Wednesday, February 21, 2024, 11am - 1pm
UMC 247

Raymond W. Gibbs, Jr.

Independent Cognitive Scientist

Abstract

The human body has historically been viewed as a natural, purely biological entity that is mostly separate from the mind. However, much work in embodied cognition has revealed the significant extent to which people’s knowledge and experience of their bodies are recruited in a wide range of abstract thinking abilities, primarily through the mechanism of metaphor. Bodily experiences serve as the source domains to better understand less structured, and typically more abstract, target domains (e.g., LIFE IS A JOURNEY in which bodily experiences associated with journeys are mapped to better structure our understanding of life). My talk explores the possibility that many source domains arising from bodily experiences may themselves be inherently metaphorical.
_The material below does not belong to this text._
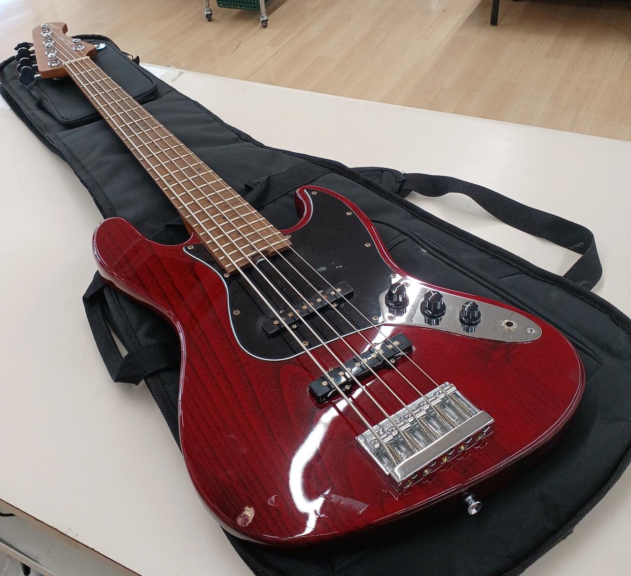ネック&指板にローステッド・フレイム・メイプルを採用した5弦仕様のベース |

I present a variety of examples from cognitive linguistics, psychology, and medical anthropology to show how varied bodily experiences are likely understood in symbolic and metaphorical terms. Following this, I discuss possible skeptical responses to my claim that bodily experience is inherently metaphorical (i.e., the “metaphorical embodiment hypothesis”). Finally, I outline several implications of this metaphorical embodiment hypothesis for cognitive linguistics and our theoretical understanding of metaphor, embodiment, and human cognition.

Biographical Information

Raymond W. Gibbs, Jr. is an independent cognitive scientist, formerly Distinguished Professor of Psychology at the University of California, Santa Cruz. His research interests focus on embodied cognition, pragmatics and figurative language. He is the author of many books, including "The poetics of mind: Figurative thought, language and understanding" (1994), "Intentions in the experience of meaning" (1999), "Embodiment and cognitive science" (2006), “Metaphor wars: Conceptual metaphor in human life” (2017), and (with Herb Colston) "Interpreting figurative meaning" (2012), all published by Cambridge University Press. He is also editor of the "Cambridge handbook of metaphor and thought"(2008) (ֱP), and (with Herb Colston) the “Cambridge handbook of irony and thought” (2023).